*** Begin section ***

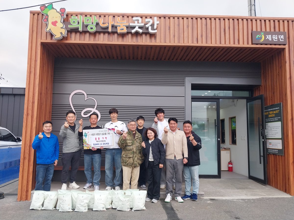 [충청뉴스큐] 한국타이어 씨조 오피엘라인장들은 지난 24일 금산군 제원면희망나눔곳간에 30만원 상당의 백미를 후원하며 따뜻한 이웃사랑을 실천했다.
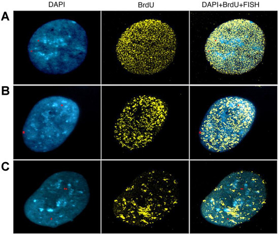 - Pelliccia, F.; Bosco, N.; Curatolo, A.; Rocchi, A. Replication timing of two human common fragile sites: FRA1H and FRA2G. Cytogenet. Genome Res. 2008, 121, 196–200. [Google Scholar] [CrossRef]
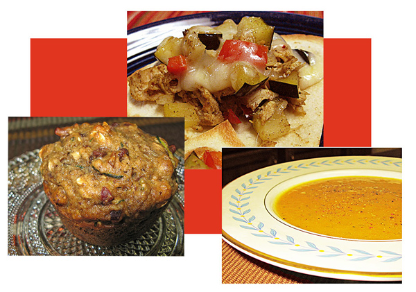 Touche! I cut off another big chunk of zucchini and diced it up. Then, I heated a pan and sauteed chicken with red peppers and onions. Finally, I stirred in the zucchini and sprinkled cumin and salsa over a sizzling pan of goodness. Mmmm, its aroma swirled through the air. After dropping colorful spoonfuls onto oven crisped tortillas, I sprinkled each with cheese and slipped the tostadas under the broiler. Minutes later, we enjoyed a heavenly meal.
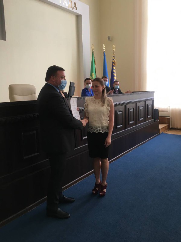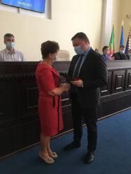 Перед початком засідання голова районної в місті ради Ігор Ратінов нагородив за високий професіоналізм, багаторічну сумлінну працю, активну життєву позицію та з нагоди ювілею нагрудним знаком «За заслуги перед містом» ІІІ ступеня та Вітальним листом Осику Валентину Іванівну, завідувача бібліотеки-філіалу №15 КЗК «Міська бібліотека для дорослих» Криворізької міської ради.
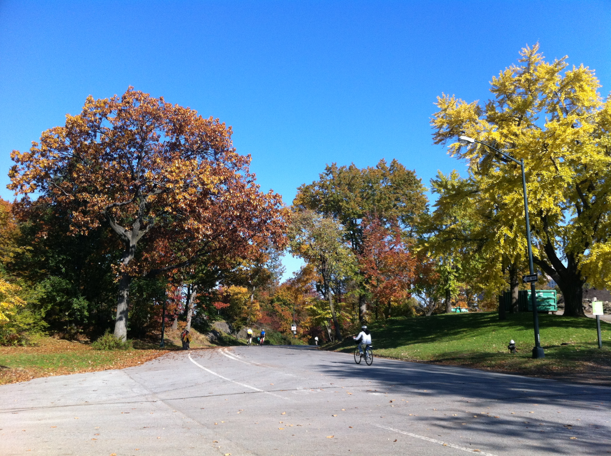 One of my favorite things about living in New York City is checking out the fall colors on my bike commute through Central Park. However, for subway commuters and tourists who don’t get to cruise through the park every day, this can be a tough thing to catch, because the leaves in the heart of the city don’t change color until roughly two weeks later in the season than nearby suburban and rural areas to the north and west. A visitor consulting the Weather Channel’s maps, or other common resources, might be misled by the lack of detail focusing in on New York City.
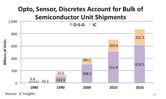 雖然集成電路技術不斷發展,越來越多的功能被集成到一顆存儲芯片中,從而以系統的角度來看用到的芯片數量越來越少,但IC Insights的統計結果顯示,全球半導體出貨量中,集成電路占比依然很低,而光電器件、傳感器與分立器件(Opto-Sensor-Discrete,簡稱O-S-D)的比重仍然超過七成。
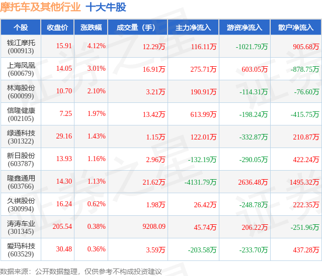 个股表现方面,摩托车及其他行业当日领涨股为钱江摩托(000913),该股当日报收15.91,上涨4.12%,成交量12.29万,主力资金净流入116.11万元。上海凤凰(600679)以上涨3.01%紧随其后,该股当日成交量16.91万,主力资金净流入275.71万元。除此之外,林海股份(600099)、信隆健康(002105)、绿通科技(301322)均进入当日牛股之列。具体个股列表见下表:

*** End section ***

- _Brief_
Pictures should not appear in the copy. Write out exactly the lines above from the first one through the line that contains "- Pelliccia, F.;".

- _Exercise answer_
 [충청뉴스큐] 한국타이어 씨조 오피엘라인장들은 지난 24일 금산군 제원면희망나눔곳간에 30만원 상당의 백미를 후원하며 따뜻한 이웃사랑을 실천했다.
 - Pelliccia, F.; Bosco, N.; Curatolo, A.; Rocchi, A. Replication timing of two human common fragile sites: FRA1H and FRA2G. Cytogenet. Genome Res. 2008, 121, 196–200. [Google Scholar] [CrossRef]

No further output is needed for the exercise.